Revision history for this message
Steve Beattie (sbeattie) wrote :

Okay, thanks to jj for providing kernels, I've now reproduced this in zesty with his patch set applied.

It's failing in the 'confined/complain' tests. There's a bug in the environ.c test that prevents the test harness from detecting/reporting the failure correctly. When that's fixed, the output looks like:

ok: ENVIRON (elf): ux & regular env
ok: ENVIRON (elf): ux & sensitive env
ok: ENVIRON (elf): Ux & regular env
ok: ENVIRON (elf): Ux & sensitive env
ok: ENVIRON (elf): ix & regular env
ok: ENVIRON (elf): ix & sensitive env
ok: ENVIRON (elf): px & regular env
ok: ENVIRON (elf): px & sensitive env
ok: ENVIRON (elf): Px & regular env
ok: ENVIRON (elf): Px & sensitive env
ok: ENVIRON (elf): unconfined --> confined & regular env
ok: ENVIRON (elf): unconfined --> confined & sensitive env
Error: environ failed. Test 'ENVIRON (elf): confined/complain & regular env' was expected to 'pass'. Reason for failure 'FAIL: child failed'
Error: environ failed. Test 'ENVIRON (elf): confined/complain & sensitive env' was expected to 'pass'. Reason for failure 'FAIL: child failed'
ok: ENVIRON (shell script): ux & regular env
ok: ENVIRON (shell script): ux & sensitive env
ok: ENVIRON (shell script): Ux & regular env
ok: ENVIRON (shell script): Ux & sensitive env
ok: ENVIRON (shell script): px & regular env
ok: ENVIRON (shell script): px & sensitive env
ok: ENVIRON (shell script): Px & regular env
ok: ENVIRON (shell script): Px & sensitive env
ok: ENVIRON (shell script): ix & regular env
ok: ENVIRON (shell script): ix & sensitive env
ok: ENVIRON (shell script): unconfined --> confined & regular env
ok: ENVIRON (shell script): unconfined --> confined & sensitive env
Error: environ failed. Test 'ENVIRON (shell script): confined/complain & regular env' was expected to 'pass'. Reason for failure 'FAIL: child failed'
Error: environ failed. Test 'ENVIRON (shell script): confined/complain & sensitive env' was expected to 'pass'. Reason for failure 'FAIL: child failed'
ok: ENVIRON (elf): unconfined setuid helper
ok: ENVIRON (elf): unconfined setuid helper

Examining the individual test, the environ program is attempting to run the env_check program while confined by a complain mode profile, but is not permitted to do so. From strace output:

[pid 5706] execve("/home/ubuntu/tmp/apparmor-2.10.95/tests/regression/apparmor/env_check", ["/home/ubuntu/tmp/apparmor-2.10.9"..., "FOO=BAR"], [/* 24 vars */]) = -1 EACCES (Permission denied)

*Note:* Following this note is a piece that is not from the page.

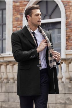 COOFANDY Men's Wool Blend Coat with Detachable Plaid Scarfs Notched Collar Single Breasted Pea Coat Trench Overcoat$20Irvine, CA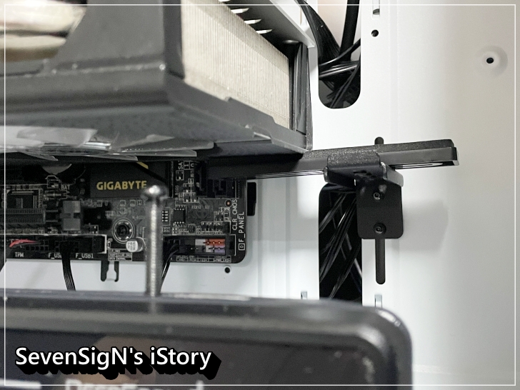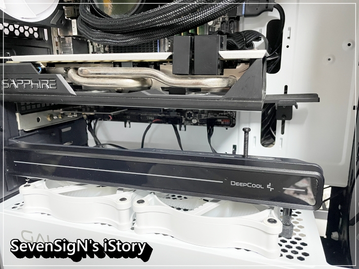 | 아래 사진을 보시면 딥쿨 그래픽 지지대가 제대로 기능을 할 수 없는 걸 보실 수 있는데요, 이건 제 시스템 구성상 이럴 수 밖에 없는거라 케이스의 문제는 아닙니다. 그래픽 카드 바로 아래에 랜카드를 설치해야 해서 그래픽 지지대를 위치를 조정할 수 밖에 없었거든요 ㅎ

The apparmor audit message is correctly claiming that its allowing it (but isn't permitted by the loaded policy):

[ 1726.404464] audit: type=1400 audit(1485991672.366:348): apparmor="ALLOWED" operation="exec" profile="/home/ubuntu/tmp/apparmor-2.10.95/tests/regression/apparmor/environ" name="/home/ubuntu/tmp/apparmor-2.10.95/tests/regression/apparmor/env_check" pid=5700 comm="environ" requested_mask="x" denied_mask="x" fsuid=1000 ouid=1000 target="/home/ubuntu/tmp/apparmor-2.10.95/tests/regression/apparmor/environ//null-/home/ubuntu/tmp/apparmor-2.10.95/tests/regression/apparmor/env_check"

but that doesn't seem to be the case. So I think there's something wonky in John's patch set.

John, can you take a look at what's going on?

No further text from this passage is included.